== Segment start ==

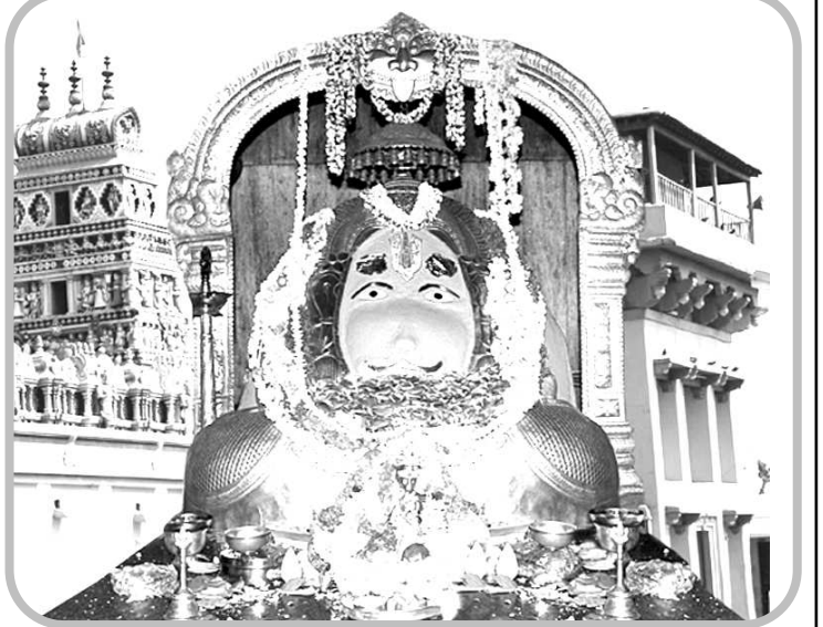
మనసుకు ప్రశాంతత చేకూరు తుంది. కొత్తగా కొనుగోలు చేసిన మోటార్ వాహనాలకు ఇక్కడ పూజ చేయించడం సంప్రదాయం. నిత్యం అనేక వాహనాలకు శకల పూజ జరుగుతుంది. ఇలా చేరుకోవచ్చు హైదరాబాద్ నగరంలోని ఇస్కంట్ రింగ్ రోడ్డు సమీపంలో ఆలయం వుంది. దిల్ సుఖ్ నగర్, ఎల్ వీ నగర్ నుంచి చేరుకోవచ్చు. మీర్ పేట్, జిల్లెల్ గూడ, నాదగల్ గల్, ఆర్.ఎన్.రెడ్డి నగర్... తదితర శివారు ప్రాంతాలకు వెళ్ళే సీట్ సర్వీసులు కర్మనఘాట్ మీదుగానే వెళతాయి.

స్వయంగా దాడికి దిగాడు. ఈ క్రమంలో ఆలయం వద్దకు చేరుకోగా ఆలయం నుంచి పెద్ద స్వరంతో 'మందిర తోడినా హైతో పహారే తుమ్ కరో మనఘట్' (ఆలయాన్ని ధ్వంసం చేయాలనుకుంటే మనస్సును గట్టిగా చేసుకో) అని పలికింది. దీంతో ఔరంగజేబ్ తనకు కనపడమని కోరగా తాటిచెట్టు కంటే ఎత్తైన రూపం కనిపించడంతో అతను భీతిల్లి వెనుదిరిగాడు. కరో మనఘట్ అన్న పేరే కర్మనఘాట్ గా మారింది. నిత్యపూజలు స్వామివారి ఆలయంలో నిత్యపూజలు జరుగు తుంటాయి. రోజూ వందలాది మంది భక్తులు స్వామి వారి దర్శనం కోసం వస్తుంటారు. ఈ ఆలయ ప్రాంగణంలో పలు ఉపాలయాలను నిర్మించారు. ప్రశాంతమైన వాతా వరణంలో వుండే ఆలయంలో స్వామివారి మూలవిరాట్ విగ్రహాన్ని దర్శించుకుంటే
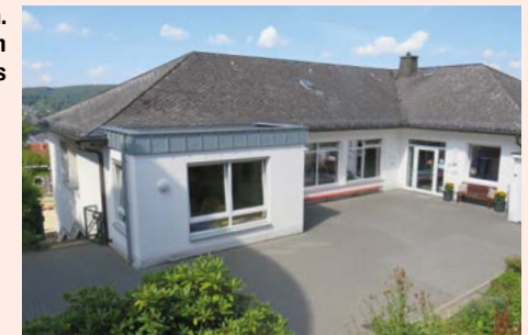
Kath. Kindergarten St. Pius
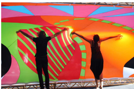
Tavola rotonda a cura di ERT-teatroescuela. La "multidisciplinarietà", il nuovo grande tema per la cultura e lo spettacolo. Ma cosa vuol dire? Senza prenderci troppo sul serio, dialoghiamo su questo tema pensando ai diversi modi di produzione e fruizione dell'arte in relazione all'infanzia.
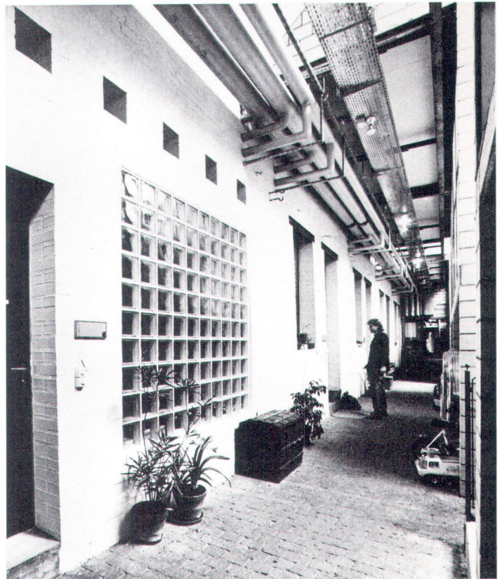
Wohnungsbereich im ehemaligen Eisenwerk Frauenfeld.

Man kann solche Veränderungen besonders in einem so repräsentativen Quartier wie die Rade bedauern, wo die Banken und Versicherungen schon jetzt mehr als genug vertreten sind. Aber bis heute fehlen die gesetzlichen Möglichkeiten, um unerwünschte Umnutzungen zu verhindern. Auf der andern Seite kann die Mehrheit alter Fabrikanlagen – wenn sorgfältig vollzogen – gut neuen Bestimmungen zugeführt werden.
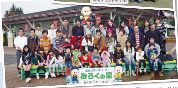
みろくの里とみかん狩り旅行
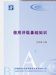
信用评级基础知识
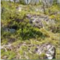
Lande à buis sur pente rocheuse
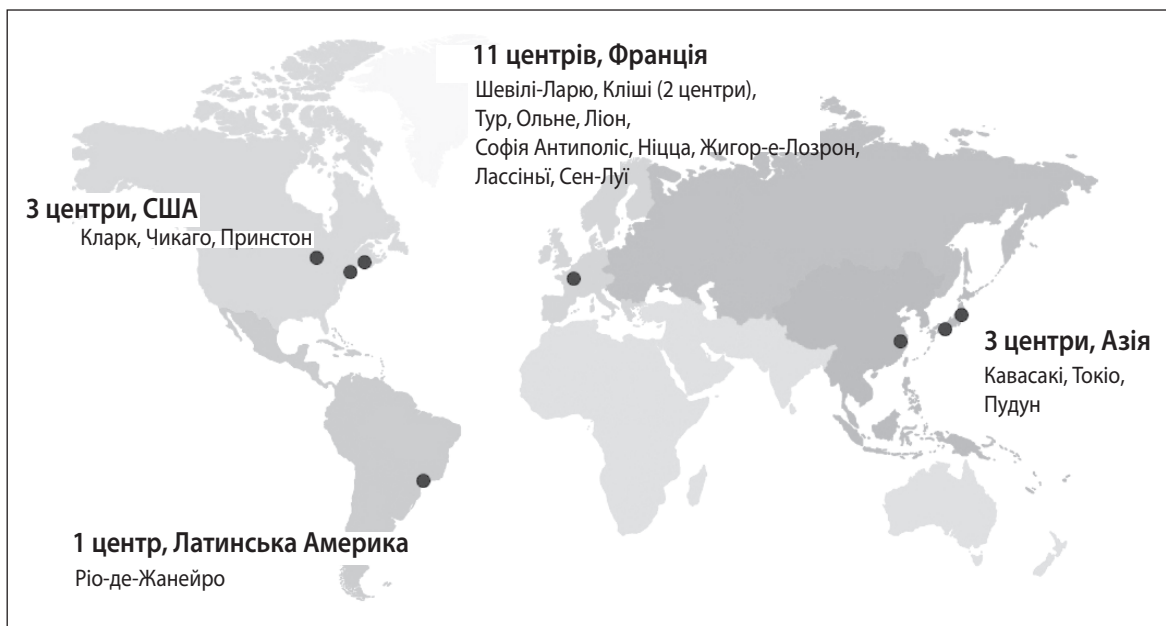
Рис. 1. Найбільші науково-дослідницькі центри компанії L'Oréal Group [12]

інноваційні дослідження (тканинної інженерії, декодування геному людини тощо). Спираючись на розмаїтість команд L'Oréal Group, багатство та взаємодоповнюваність портфеля брендів, компанія зробила універсалізацію краси свого проекту на роки вперед, пропонуючи красу для всіх. Компанія завжди робила великі інвестиції в дослідження та ставить косметичні інновації в самому центрі своєї моделі зростання. Звернення до тестування нового покоління дозволяє оцінити безпеку інгредієнтів без тестування на тваринах (компанія L'Oréal зупинила тестування готової продукції на тваринах у 1989 р.), і найближчим часом, зможуть оцінити клінічну ефективність, не вдаючись до біопсії (відбір проб тканини людини). За останні 50 років компанія L'Oréal успішно запатентувала основні активні інгредієнти своїх молекулярних формул, демонструючи їх безпеку й ефективність та значно випереджаючи конкурентів.
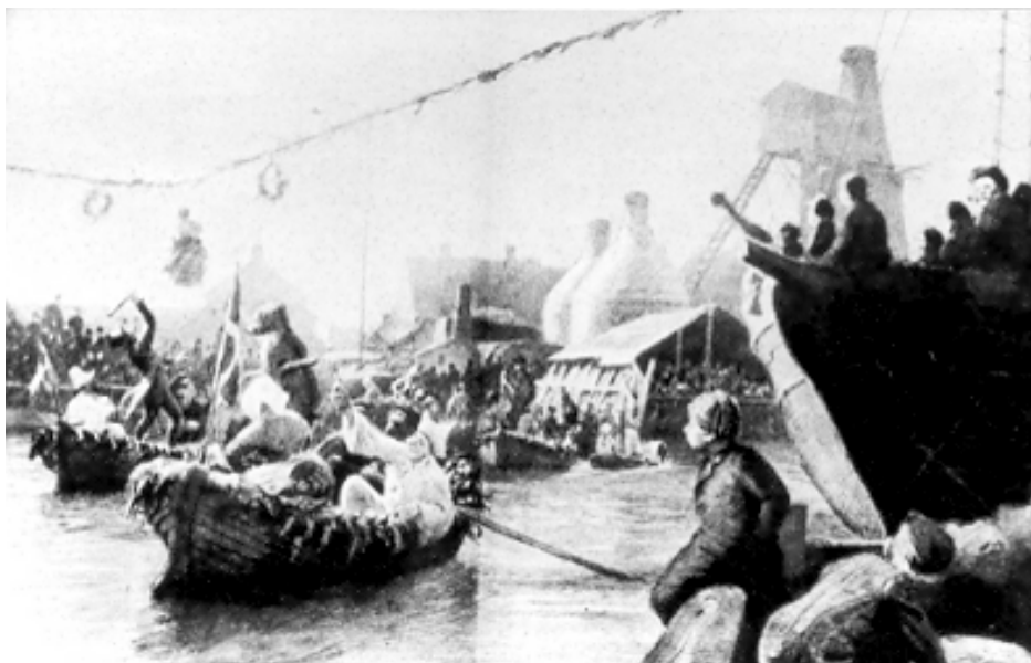
Tøndeslagning i Kastrup havn, efter maleri af Chr. Mølsted. Ca. 1900.

Året efter deltog 40 fiskere i forskellige kostumer anført af en admiral til hest. Hans mandskab bestod af matroser i hvide skjorter med røde skærf, gamle koner og unge piger med cigarer i munden, bønder i gamle dragter, klovne, harlekiner m.m. Påstanden om at glasmagere og fiskere ikke kunne sammen, passer i hvert fald ikke ved denne lejlighed, for Glasma-

== Segment end ==

Exercise — With the line containing "Tøndeslagning i Kastrup" as the first and the last line above as the final one, copy those lines exactly and no others.

Solution to the exercise —
Tøndeslagning i Kastrup havn, efter maleri af Chr. Mølsted. Ca. 1900.

Året efter deltog 40 fiskere i forskellige kostumer anført af en admiral til hest. Hans mandskab bestod af matroser i hvide skjorter med røde skærf, gamle koner og unge piger med cigarer i munden, bønder i gamle dragter, klovne, harlekiner m.m. Påstanden om at glasmagere og fiskere ikke kunne sammen, passer i hvert fald ikke ved denne lejlighed, for Glasma-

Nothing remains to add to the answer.